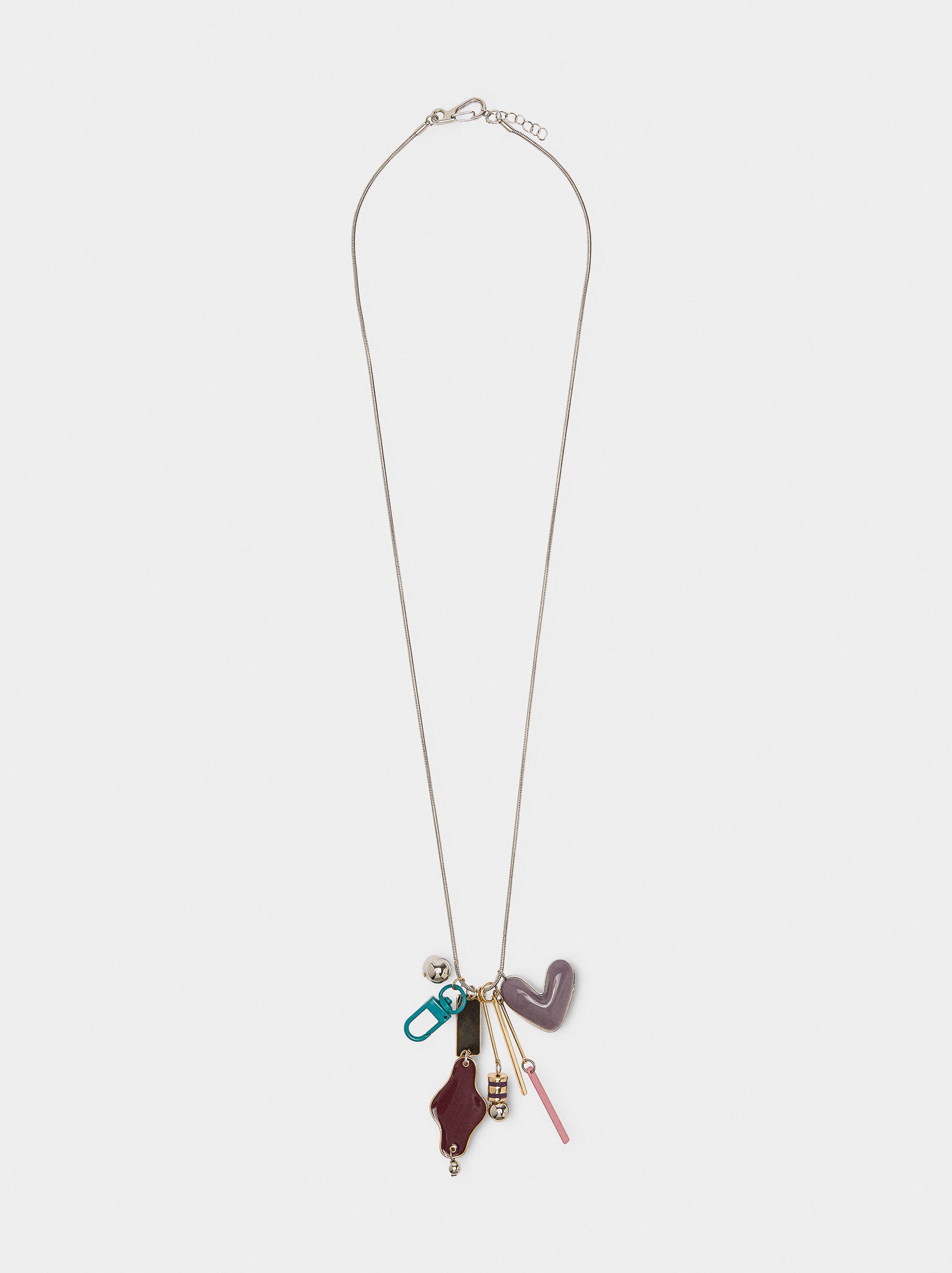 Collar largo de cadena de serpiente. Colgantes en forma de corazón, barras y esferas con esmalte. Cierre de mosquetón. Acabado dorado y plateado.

---

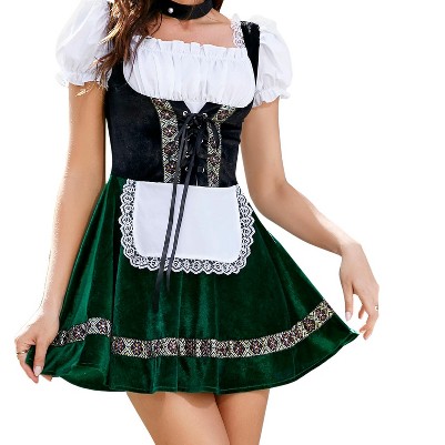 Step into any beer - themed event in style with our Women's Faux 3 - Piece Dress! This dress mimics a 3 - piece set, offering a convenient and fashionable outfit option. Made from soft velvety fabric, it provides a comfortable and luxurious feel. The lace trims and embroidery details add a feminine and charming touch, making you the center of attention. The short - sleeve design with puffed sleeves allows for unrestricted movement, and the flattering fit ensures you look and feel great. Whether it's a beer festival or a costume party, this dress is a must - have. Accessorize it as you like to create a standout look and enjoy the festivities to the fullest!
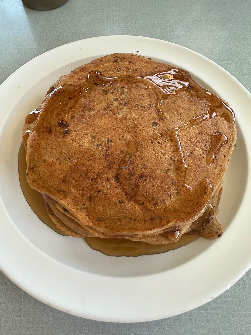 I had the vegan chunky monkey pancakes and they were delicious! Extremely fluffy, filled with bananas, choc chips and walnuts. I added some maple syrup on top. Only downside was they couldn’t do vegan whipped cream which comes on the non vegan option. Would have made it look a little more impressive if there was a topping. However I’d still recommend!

--

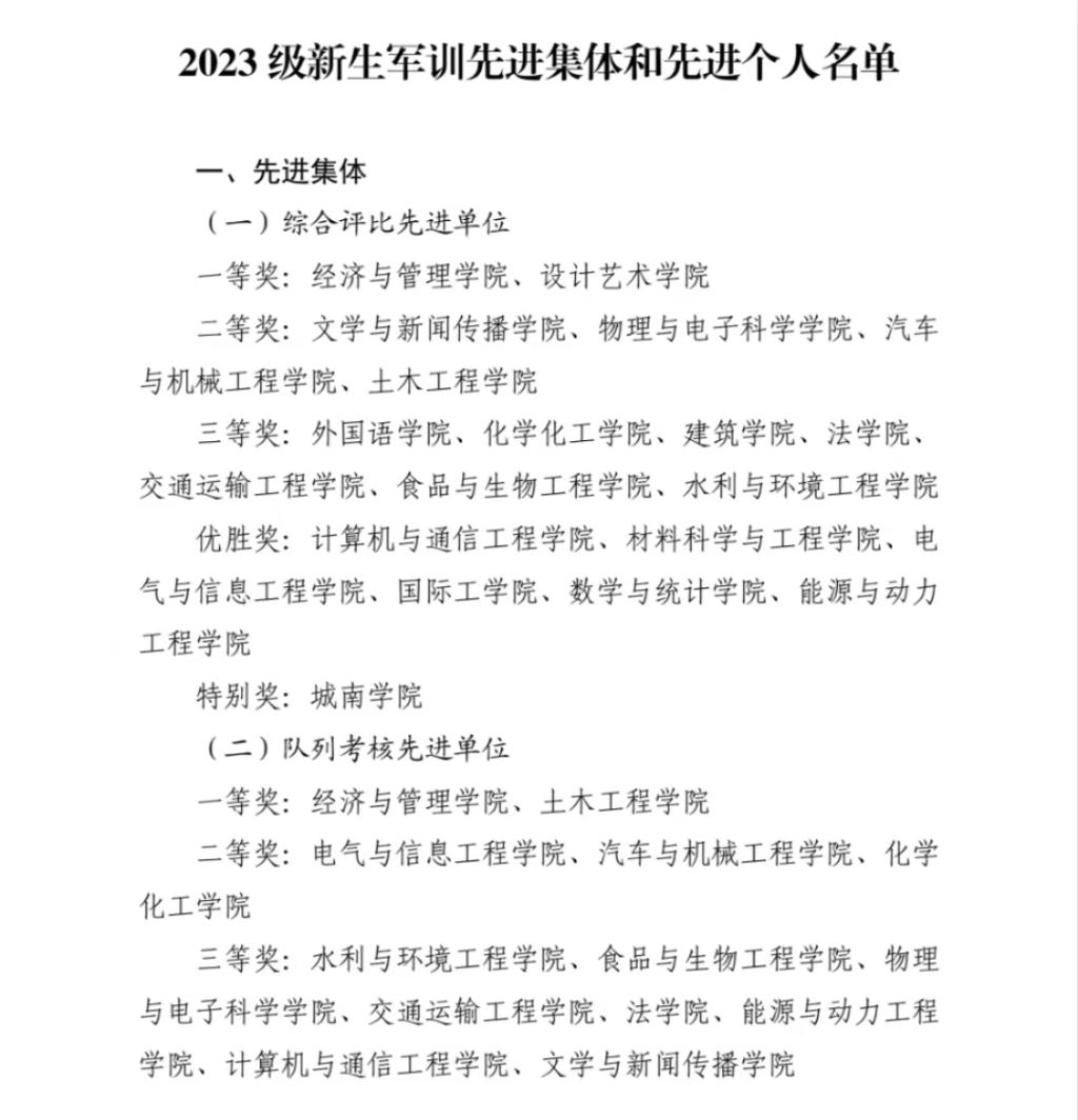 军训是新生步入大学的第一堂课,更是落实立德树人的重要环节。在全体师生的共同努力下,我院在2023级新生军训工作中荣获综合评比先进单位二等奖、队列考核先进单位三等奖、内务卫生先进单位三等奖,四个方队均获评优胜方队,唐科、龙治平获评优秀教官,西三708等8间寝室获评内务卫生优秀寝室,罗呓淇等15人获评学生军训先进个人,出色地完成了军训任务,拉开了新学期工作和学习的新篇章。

> **Your task**:
Nothing outside the stretch above, from the line with "Step into any" through the line with "I had the vegan", is set down. Transcribe that stretch exactly, ends included, but not its pictures.

> **Answer area**:
 Step into any beer - themed event in style with our Women's Faux 3 - Piece Dress! This dress mimics a 3 - piece set, offering a convenient and fashionable outfit option. Made from soft velvety fabric, it provides a comfortable and luxurious feel. The lace trims and embroidery details add a feminine and charming touch, making you the center of attention. The short - sleeve design with puffed sleeves allows for unrestricted movement, and the flattering fit ensures you look and feel great. Whether it's a beer festival or a costume party, this dress is a must - have. Accessorize it as you like to create a standout look and enjoy the festivities to the fullest!
 I had the vegan chunky monkey pancakes and they were delicious! Extremely fluffy, filled with bananas, choc chips and walnuts. I added some maple syrup on top. Only downside was they couldn’t do vegan whipped cream which comes on the non vegan option. Would have made it look a little more impressive if there was a topping. However I’d still recommend!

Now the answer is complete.